• PROBLEM DESCRIPTION
Can you print the data exactly and leave out each image?

• MATERIAL FOR THIS EXERCISE
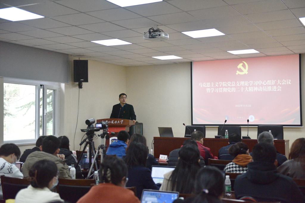为深入学习贯彻党的二十大精神,研究部署当前及下一阶段重点工作,11月2日上午,马克思主义学院党总支召开党总支理论学习中心组扩大会议暨学习贯彻党的二十大精神动员推进会,学院全体党员,党员发展对象、入党积极分子参加会议。会议明确,学院将坚决按照学校党委的统一部署,坚持“马院姓马,在马言马”的鲜明导向和首要原则,紧密结合学院工作实际,对党的二十大精神做到学用贯通、知行合一。一方面,要加强党组织理论学习,充分利用党总支理论学习中心组、专题党课等活动加强学习,创新学习形式,拓展学习路径,准确把握党的二十大精神实质和丰富内涵;另一方面,要结合党的二十大精神加强业务学习,将党的二十大精神全面融入思政课建设、学科建设和科学研究。
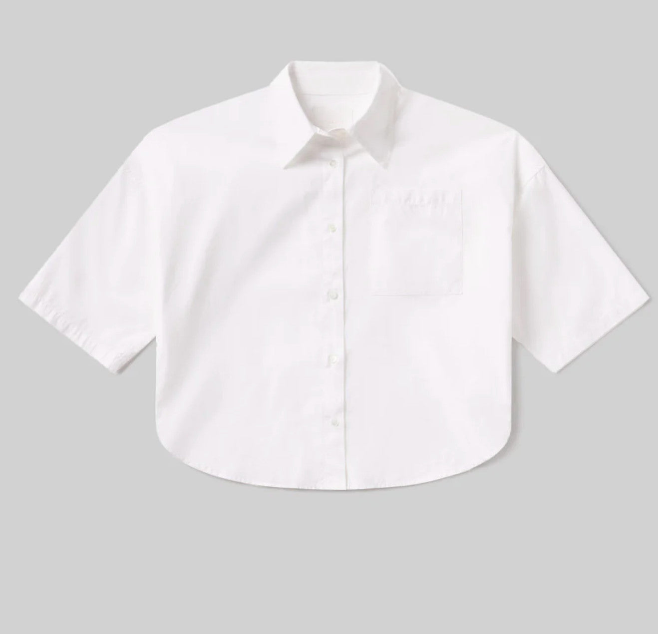 Looks Like: Clean white cropped button front collared short sleeve shirt
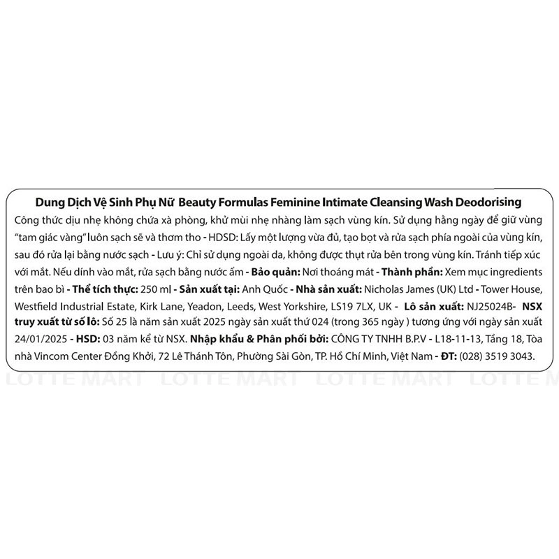 Dung Dịch Vệ Sinh Phụ Nữ Beauty Formulas Hương Phấn Khử Mùi mang công thức giúp loại bỏ các vi khuẩn gây mùi, giữ cho vùng nhạy cảm luôn thơm tho và khô thoáng suốt cả ngày dài.
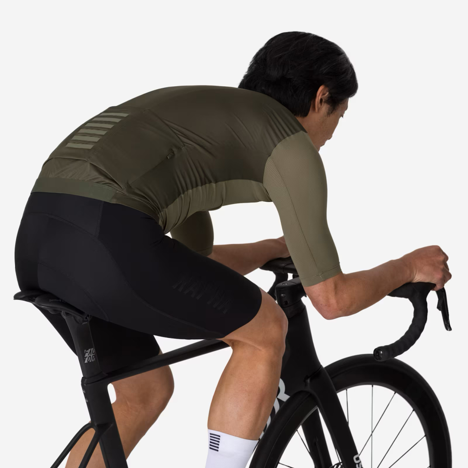 소재 - 이탈리아에서 제작된 앞면 바디 원단이 높은 신축성으로 최적화된 라이딩 핏 구현
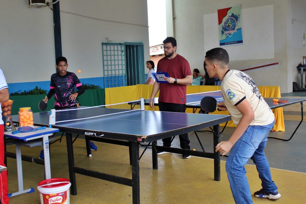 Já em 5 de dezembro, a programação ocorreu no pátio da Escola João Paulo II, na ARNO 42. A modalidade destaque foi o tênis de mesa (pingue-pongue), organizado pelo professor Jocel Santiago, que apresentou as regras, explicou a dinâmica do sorteio dos grupos e conduziu as partidas com transparência, garantindo a compreensão e a participação de todos os competidores.
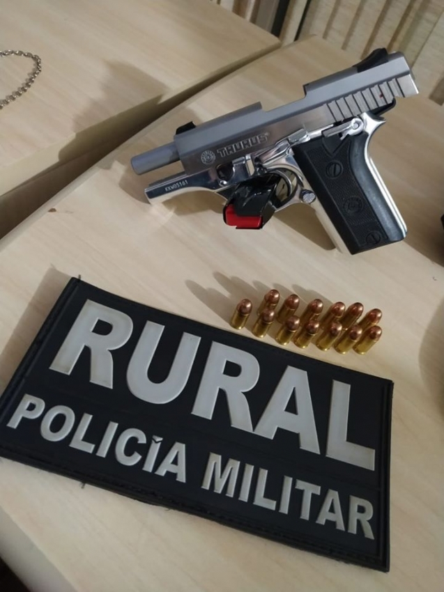 Durante abordagem ao veículo que ele conduzia os policiais apreenderam uma pistola calibre 380 municiada com 13 cartuchos. O armamento estava escondido dentro do forro, no teto da caminhonete. Embora o proprietário tenha apresentado o registrado da arma, ele não permite o porte ao proprietário.
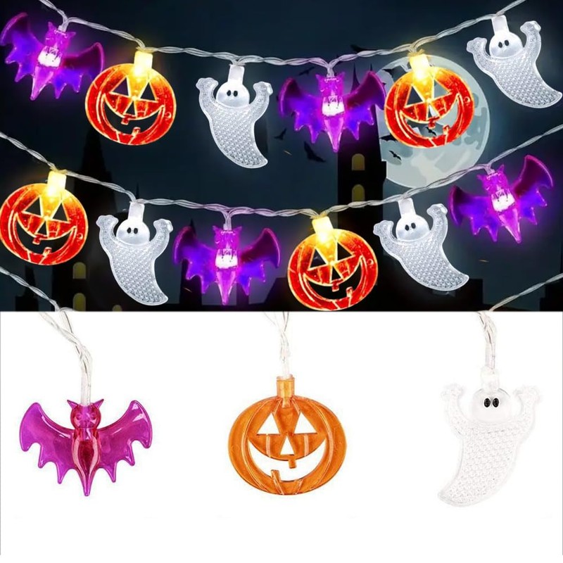 - Halloween Kürbis Lichterkette: 3er Pack Halloween Lichterkette mit verschiedenen Themen, orange Kürbis, lila Fledermaus, weißer Geist, einfach eine mysteriöse gruselige Atmosphäre aufzubauen.

• FINISHED TASK
为深入学习贯彻党的二十大精神,研究部署当前及下一阶段重点工作,11月2日上午,马克思主义学院党总支召开党总支理论学习中心组扩大会议暨学习贯彻党的二十大精神动员推进会,学院全体党员,党员发展对象、入党积极分子参加会议。会议明确,学院将坚决按照学校党委的统一部署,坚持“马院姓马,在马言马”的鲜明导向和首要原则,紧密结合学院工作实际,对党的二十大精神做到学用贯通、知行合一。一方面,要加强党组织理论学习,充分利用党总支理论学习中心组、专题党课等活动加强学习,创新学习形式,拓展学习路径,准确把握党的二十大精神实质和丰富内涵;另一方面,要结合党的二十大精神加强业务学习,将党的二十大精神全面融入思政课建设、学科建设和科学研究。
 Looks Like: Clean white cropped button front collared short sleeve shirt
 Dung Dịch Vệ Sinh Phụ Nữ Beauty Formulas Hương Phấn Khử Mùi mang công thức giúp loại bỏ các vi khuẩn gây mùi, giữ cho vùng nhạy cảm luôn thơm tho và khô thoáng suốt cả ngày dài.
 소재 - 이탈리아에서 제작된 앞면 바디 원단이 높은 신축성으로 최적화된 라이딩 핏 구현
 Já em 5 de dezembro, a programação ocorreu no pátio da Escola João Paulo II, na ARNO 42. A modalidade destaque foi o tênis de mesa (pingue-pongue), organizado pelo professor Jocel Santiago, que apresentou as regras, explicou a dinâmica do sorteio dos grupos e conduziu as partidas com transparência, garantindo a compreensão e a participação de todos os competidores.
 Durante abordagem ao veículo que ele conduzia os policiais apreenderam uma pistola calibre 380 municiada com 13 cartuchos. O armamento estava escondido dentro do forro, no teto da caminhonete. Embora o proprietário tenha apresentado o registrado da arma, ele não permite o porte ao proprietário.
 - Halloween Kürbis Lichterkette: 3er Pack Halloween Lichterkette mit verschiedenen Themen, orange Kürbis, lila Fledermaus, weißer Geist, einfach eine mysteriöse gruselige Atmosphäre aufzubauen.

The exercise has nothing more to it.